▶ _About this task_
Omit every picture, then return the listing verbatim.

▶ _The data_
+===+

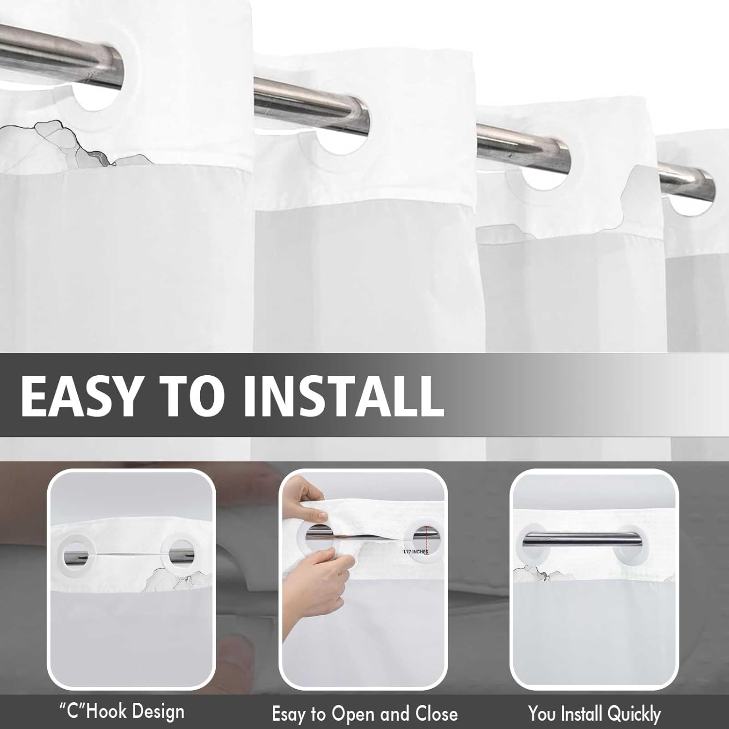 EASY to INSTALL: The no hook shower curtain with snap in liner install in 15 seconds no need to remove the rod,Simple and quick installation
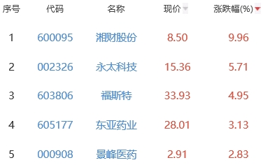 其中,湘财股份、永太科技、福斯特、东亚药业、景峰医药位列板块涨幅前五位,涨幅分别为9.96%、5.71%、4.95%、3.13%、2.83%。
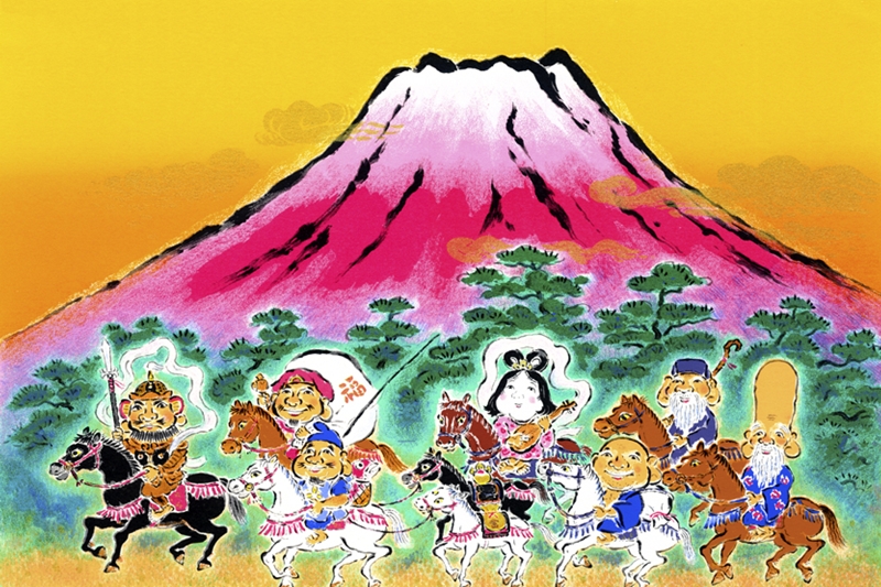 絵画 ジーグレー版画 吉岡浩太郎 縁起画 「七福神馬九行」 インチ:絵画シート+マット
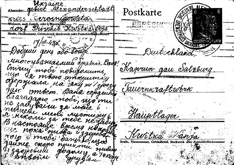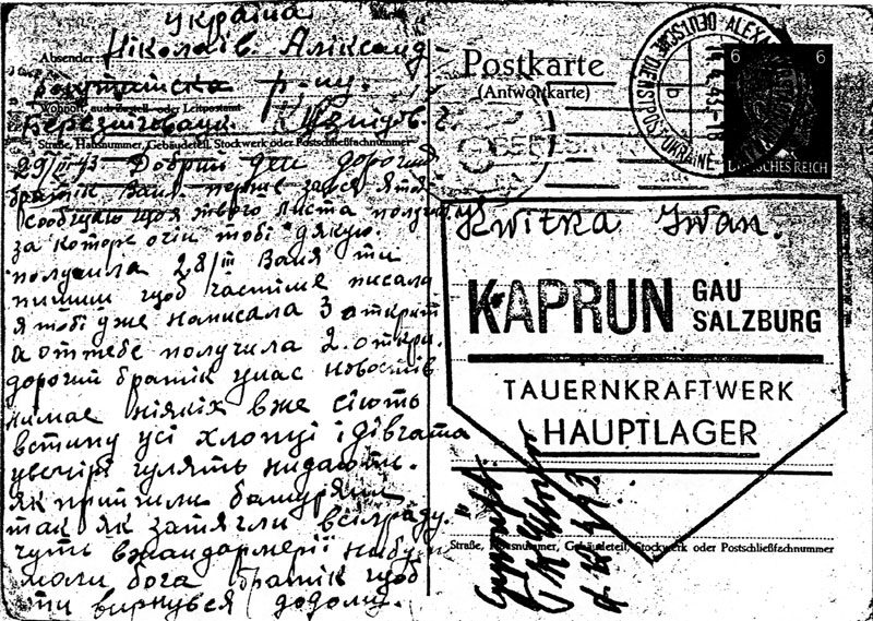 Some of the "guest workers" were Ukrainian - an estimated 2 million! They were provided with reply-paid cards to send and receive messages from their homes; the replies are cancelled ALEXANDERSTADT (UKRAINE) DEUTSCH DIENSTPOST UKRAINE.

+===+

▶ _Solution to this problem_
 EASY to INSTALL: The no hook shower curtain with snap in liner install in 15 seconds no need to remove the rod,Simple and quick installation
 其中,湘财股份、永太科技、福斯特、东亚药业、景峰医药位列板块涨幅前五位,涨幅分别为9.96%、5.71%、4.95%、3.13%、2.83%。
 絵画 ジーグレー版画 吉岡浩太郎 縁起画 「七福神馬九行」 インチ:絵画シート+マット
 Some of the "guest workers" were Ukrainian - an estimated 2 million! They were provided with reply-paid cards to send and receive messages from their homes; the replies are cancelled ALEXANDERSTADT (UKRAINE) DEUTSCH DIENSTPOST UKRAINE.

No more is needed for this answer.